他快步贴着墙角走过,缩小身形让自己藏匿在人群中,却还是被那个古怪的男人给发现拦住了。
这人从他出磨坊起就一直在跟着他,他先还以为只是同路,对方几次要上来搭话都被他躲过了,但没想到还是被拦住了。
男人藏在帽檐下的眼睛滴溜溜乱转,最后挤出一个古怪的笑,他脱下帽子执于右手放在胸前半鞠了一躬,嘴里唔哝一句:“尊敬的小姐您好,请允许我……”
“抱歉。”莉莉丝急声打断了男人说话,他警惕地看着男人,双手放在胸前做出防备的姿态,“我很忙。”
说完,便快步绕过男人跑了。
养父在世时就常叮嘱他,要小心这些在路上搭讪的男人。养父没明说缘由,但莉莉丝自己心里也清楚为什么。
回头发现那个古怪的男人没再跟着自己,莉莉丝的脚步才慢了下来。
他现在同养父的姐姐妮卡娜一起住在卡尼街一家寒酸败破的画室中——这是他养父留下的遗产。
养父生前是个画家,三年前带着全家搬迁到这座以艺术文化气息浓郁而闻名的小镇。当时的卡尼街还是闻名的繁华艺术街,养父几乎花光所有积蓄才买到了这个带有小阁楼的画室,他们一家人就挤在狭小的阁楼里生活。
那些高官艺术家们见惯了各式花样的艺术,养父的画过于中规中矩,放在其中毫不起眼。而满怀热忱与希望的养父,一而再被打击后,在半年前郁郁而终。
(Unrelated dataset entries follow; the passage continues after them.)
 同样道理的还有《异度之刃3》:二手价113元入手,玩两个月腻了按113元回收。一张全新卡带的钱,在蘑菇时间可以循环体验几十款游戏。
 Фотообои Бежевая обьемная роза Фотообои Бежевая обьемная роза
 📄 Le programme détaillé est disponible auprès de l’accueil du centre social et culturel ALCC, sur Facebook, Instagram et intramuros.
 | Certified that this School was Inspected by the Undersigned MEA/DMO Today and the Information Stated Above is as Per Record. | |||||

而妮卡娜,是在养父死后来到这里的。嘴上说着是养父临终请她来照顾他,却一直待在家,都靠莉莉丝每日去磨坊做工来勉强维持生计。
妮卡娜对他算不得好,两人在家就像是硬凑在一起同居的陌路人,大多数时候妮卡娜连个眼神都懒得给他。
画室外的门常年未锁,妮卡娜也是仗着家里没什么可被偷的,家里算得上值钱的也就是养父留下的画,也早在上半年过冬时取暖用烧了。
他踩着小梯子上了阁楼,一扭门锁却发现门没有动静,他又试着扭了扭,才明白门是被锁了。
怪了,往常妮卡娜从不锁门的,难道是外出了?
莉莉丝不确定的猜测,因为妮卡娜在这也没有朋友,她要是外出会是去哪里呢?
家里只有一把钥匙便是在妮卡娜手上,莉莉丝几次想要都被妮卡娜以各种理由拒绝了,而现在没有钥匙,他也进不去阁楼。
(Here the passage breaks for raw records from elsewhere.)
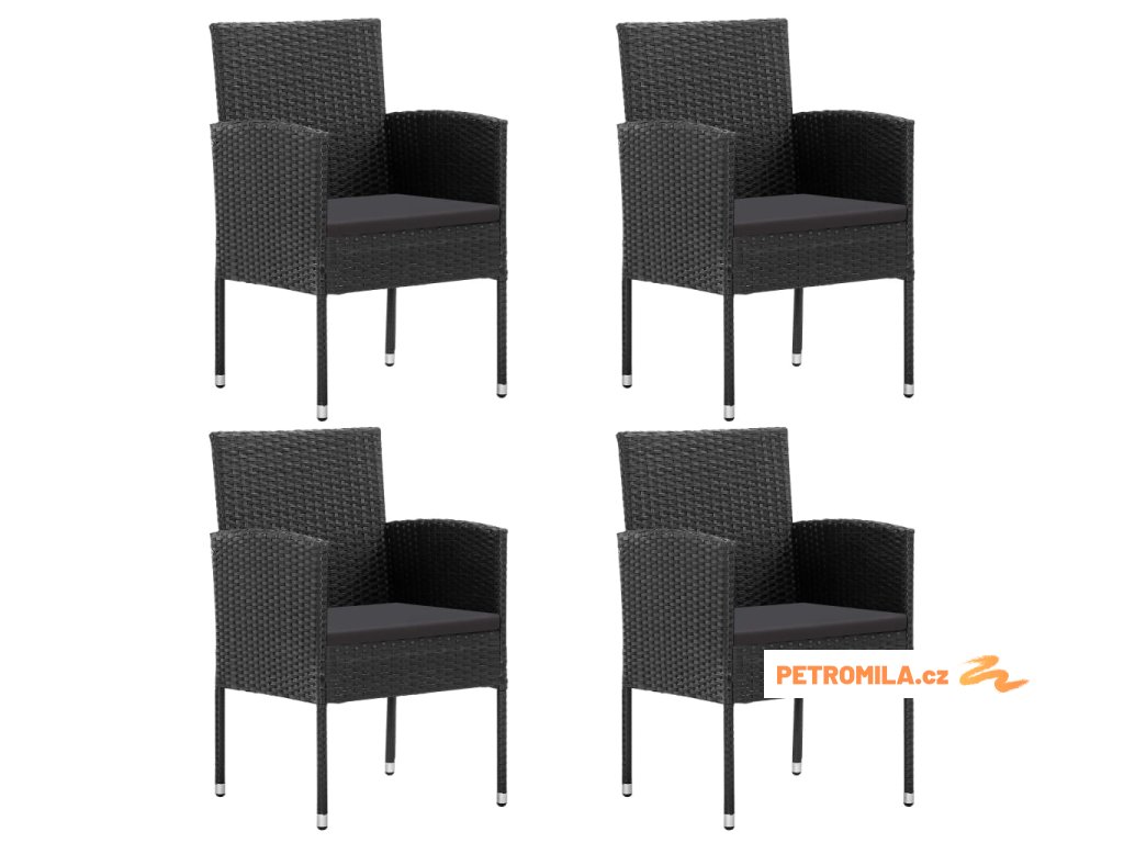 Zahradní židle s černými poduškami 4 ks černé polyratan
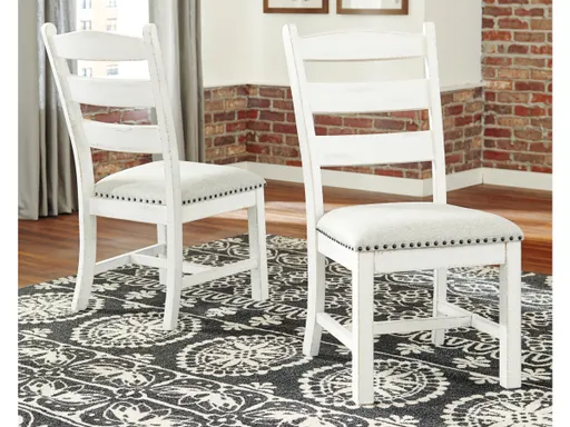 Whether you’re pining for cottage charm or modern farmhouse sophistication, the Valebeck dining room upholstered chair, with its timeless ladderback styling, is something to savor. The vintage white finish exudes a sense of ease that’s made all the more enticing thanks to a cushioned seat wrapped in a soothing gray linen colored textural fabric.
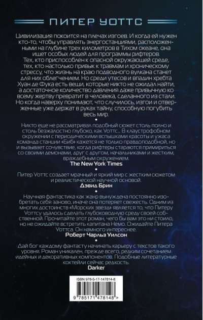 Цивилизация покоится на плечах изгоев. И когда ей нужен кто-то, чтобы управлять энергостанциями, расположенными на глубине трех километров в Тихом океане, она ищет особых людей для программы рифтеров. Тех, кто приспособлен к опасной окружающей среде, тех, кто настолько привык к травмам и хроническому стрессу, что жизнь на краю подводного вулкана станет для них облегчением. Но среди утесов и впадин хребта Хуан де Фука есть вещи, которые никто не ожидал найти, а достаточное количество давления даже привычную ко всему жертву превратит в человека, сделанного из стали. Но когда наверху понимают, что случилось, изгои и отверженные уже держат в руках тайну, способную погубить весь мир.

不死心的莉莉丝拍门喊:“妮卡娜是我,我回来了,你在不在,开开门。”
没有动静。
莉莉丝泄了气,确定妮卡娜确实是不在家,也不知道她什么时候能回来,他就坐在楼梯上等她,可左等右等天都黑了还是不见人回来。
他决定出去找她。
可是没想到,才一打开门,就在街对角看见一个谈不上熟悉但绝不陌生的身影。吓得莉莉丝赶忙把门一关,背抵在门上捂着跳得极快的心脏,安慰自己是看错了,又或者,那个男人刚好住在这边而已。
只是巧合。
待心跳稍稍平复,莉莉丝又将门重新开了条小缝,从缝中偷偷观察那个男人。他就站在街对角,那地方并不起眼,莉莉丝也不知道自己怎么会一眼看到那,或许是因为直觉。
男人在原地踱步左顾右盼,像是在找什么人,然后他动了,从街角走出来几步,像做贼似的扫视周围。最后将帽檐一拉低,竟就直直朝着莉莉丝这边走来了。
莉莉丝一慌张,没掌握好关门的力度,在平静的卡尼街显得格外刺耳。他手忙脚乱地锁好门,在楼梯下堆积的杂物中捡了一根木棍,站在门后屏住呼吸。
不知道过了多久,久到他手心的汗都干了,手臂也酸了,门外都没有动静。莉莉丝也不敢开门查看,就怕那个人守在门外。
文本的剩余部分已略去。